-- Data excerpt follows --

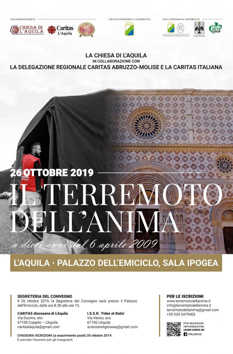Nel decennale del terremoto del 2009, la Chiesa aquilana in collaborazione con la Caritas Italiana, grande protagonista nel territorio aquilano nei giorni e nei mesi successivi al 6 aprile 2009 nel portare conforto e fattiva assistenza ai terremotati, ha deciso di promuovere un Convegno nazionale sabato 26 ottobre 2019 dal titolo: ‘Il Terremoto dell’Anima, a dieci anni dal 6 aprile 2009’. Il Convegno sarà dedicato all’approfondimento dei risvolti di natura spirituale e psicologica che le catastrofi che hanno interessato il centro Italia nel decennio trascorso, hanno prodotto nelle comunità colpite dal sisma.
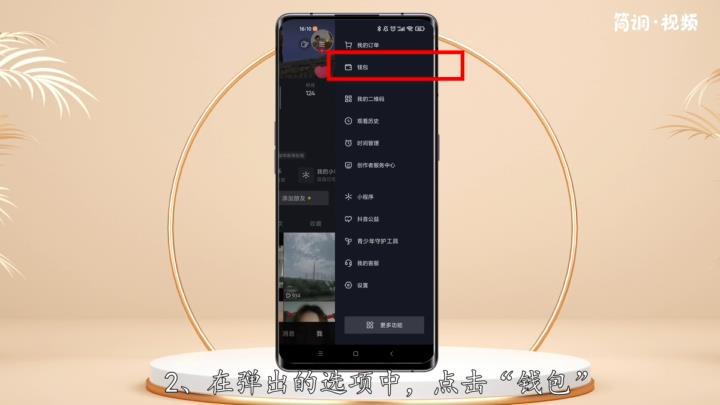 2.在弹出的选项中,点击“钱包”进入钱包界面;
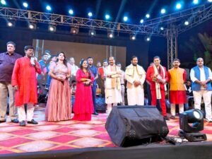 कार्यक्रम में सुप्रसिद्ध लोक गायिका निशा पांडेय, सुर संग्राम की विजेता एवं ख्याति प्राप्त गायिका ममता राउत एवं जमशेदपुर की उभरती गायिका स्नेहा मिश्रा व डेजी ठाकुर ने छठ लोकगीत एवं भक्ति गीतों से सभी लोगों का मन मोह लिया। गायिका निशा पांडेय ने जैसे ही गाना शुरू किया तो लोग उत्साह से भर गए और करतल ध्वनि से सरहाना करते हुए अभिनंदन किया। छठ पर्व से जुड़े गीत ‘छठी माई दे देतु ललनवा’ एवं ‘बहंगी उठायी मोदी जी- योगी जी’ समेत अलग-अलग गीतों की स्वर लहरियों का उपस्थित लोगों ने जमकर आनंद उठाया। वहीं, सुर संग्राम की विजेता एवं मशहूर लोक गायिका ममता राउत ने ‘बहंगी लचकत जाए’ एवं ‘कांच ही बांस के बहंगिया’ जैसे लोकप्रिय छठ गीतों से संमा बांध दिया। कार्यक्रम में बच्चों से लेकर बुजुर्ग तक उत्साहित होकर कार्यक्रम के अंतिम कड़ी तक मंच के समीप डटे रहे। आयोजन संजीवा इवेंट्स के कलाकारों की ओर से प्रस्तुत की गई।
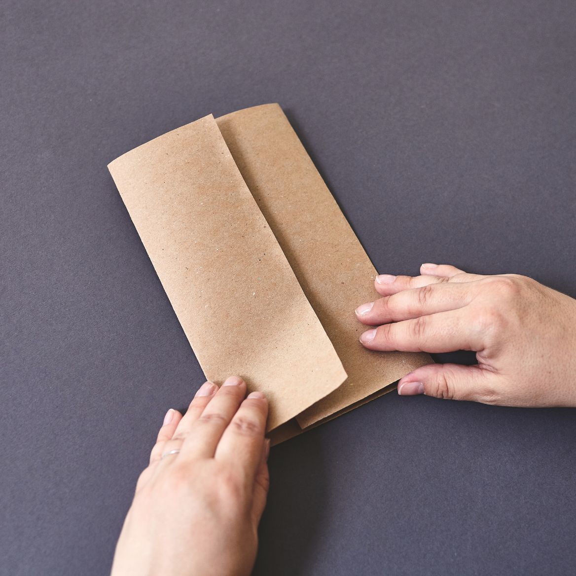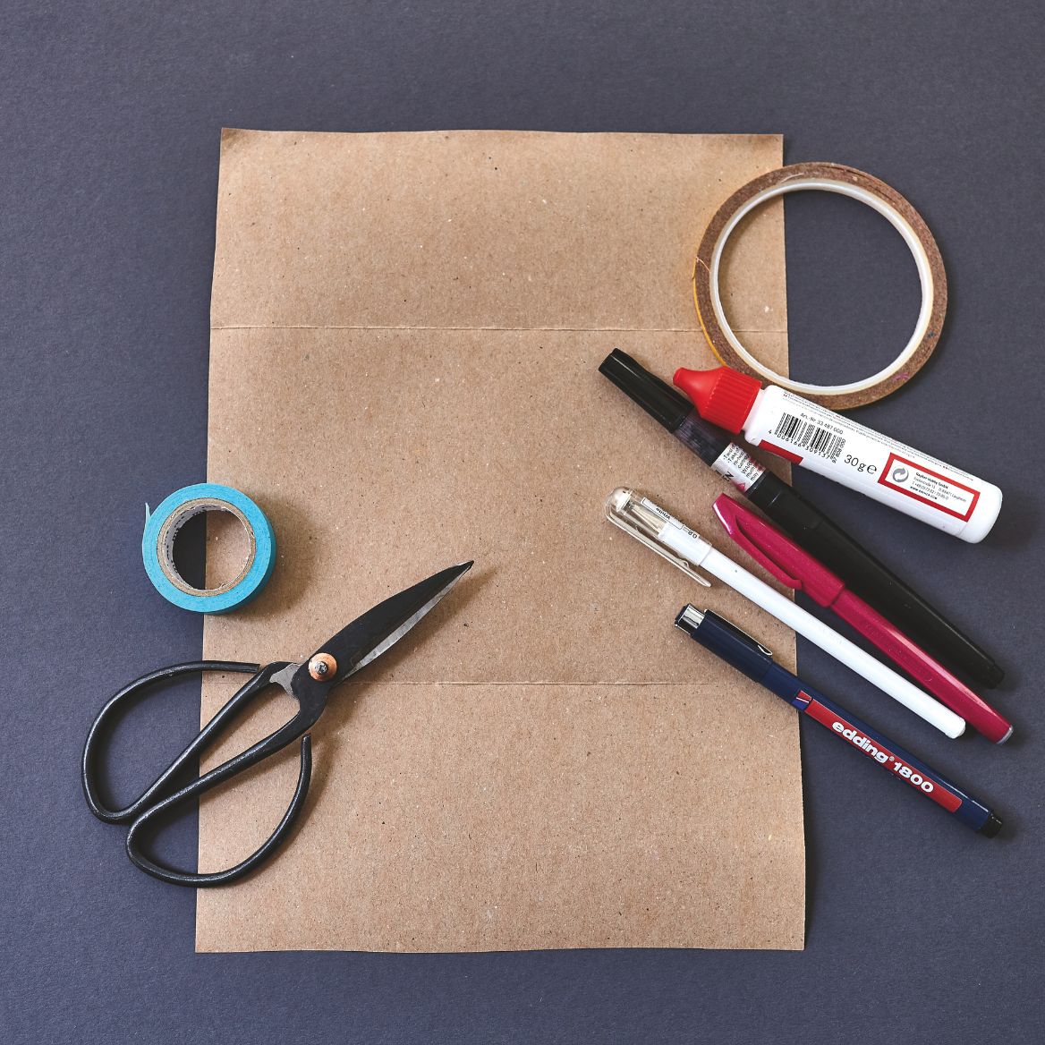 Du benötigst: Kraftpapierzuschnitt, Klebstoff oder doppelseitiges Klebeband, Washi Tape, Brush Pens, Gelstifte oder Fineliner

-- Data excerpt concluded --

▸ **What is needed**:
Output all the material exactly. The pictures are to be left out.

▸ **Solution**:
Nel decennale del terremoto del 2009, la Chiesa aquilana in collaborazione con la Caritas Italiana, grande protagonista nel territorio aquilano nei giorni e nei mesi successivi al 6 aprile 2009 nel portare conforto e fattiva assistenza ai terremotati, ha deciso di promuovere un Convegno nazionale sabato 26 ottobre 2019 dal titolo: ‘Il Terremoto dell’Anima, a dieci anni dal 6 aprile 2009’. Il Convegno sarà dedicato all’approfondimento dei risvolti di natura spirituale e psicologica che le catastrofi che hanno interessato il centro Italia nel decennio trascorso, hanno prodotto nelle comunità colpite dal sisma.
 2.在弹出的选项中,点击“钱包”进入钱包界面;
 कार्यक्रम में सुप्रसिद्ध लोक गायिका निशा पांडेय, सुर संग्राम की विजेता एवं ख्याति प्राप्त गायिका ममता राउत एवं जमशेदपुर की उभरती गायिका स्नेहा मिश्रा व डेजी ठाकुर ने छठ लोकगीत एवं भक्ति गीतों से सभी लोगों का मन मोह लिया। गायिका निशा पांडेय ने जैसे ही गाना शुरू किया तो लोग उत्साह से भर गए और करतल ध्वनि से सरहाना करते हुए अभिनंदन किया। छठ पर्व से जुड़े गीत ‘छठी माई दे देतु ललनवा’ एवं ‘बहंगी उठायी मोदी जी- योगी जी’ समेत अलग-अलग गीतों की स्वर लहरियों का उपस्थित लोगों ने जमकर आनंद उठाया। वहीं, सुर संग्राम की विजेता एवं मशहूर लोक गायिका ममता राउत ने ‘बहंगी लचकत जाए’ एवं ‘कांच ही बांस के बहंगिया’ जैसे लोकप्रिय छठ गीतों से संमा बांध दिया। कार्यक्रम में बच्चों से लेकर बुजुर्ग तक उत्साहित होकर कार्यक्रम के अंतिम कड़ी तक मंच के समीप डटे रहे। आयोजन संजीवा इवेंट्स के कलाकारों की ओर से प्रस्तुत की गई।
 Du benötigst: Kraftpapierzuschnitt, Klebstoff oder doppelseitiges Klebeband, Washi Tape, Brush Pens, Gelstifte oder Fineliner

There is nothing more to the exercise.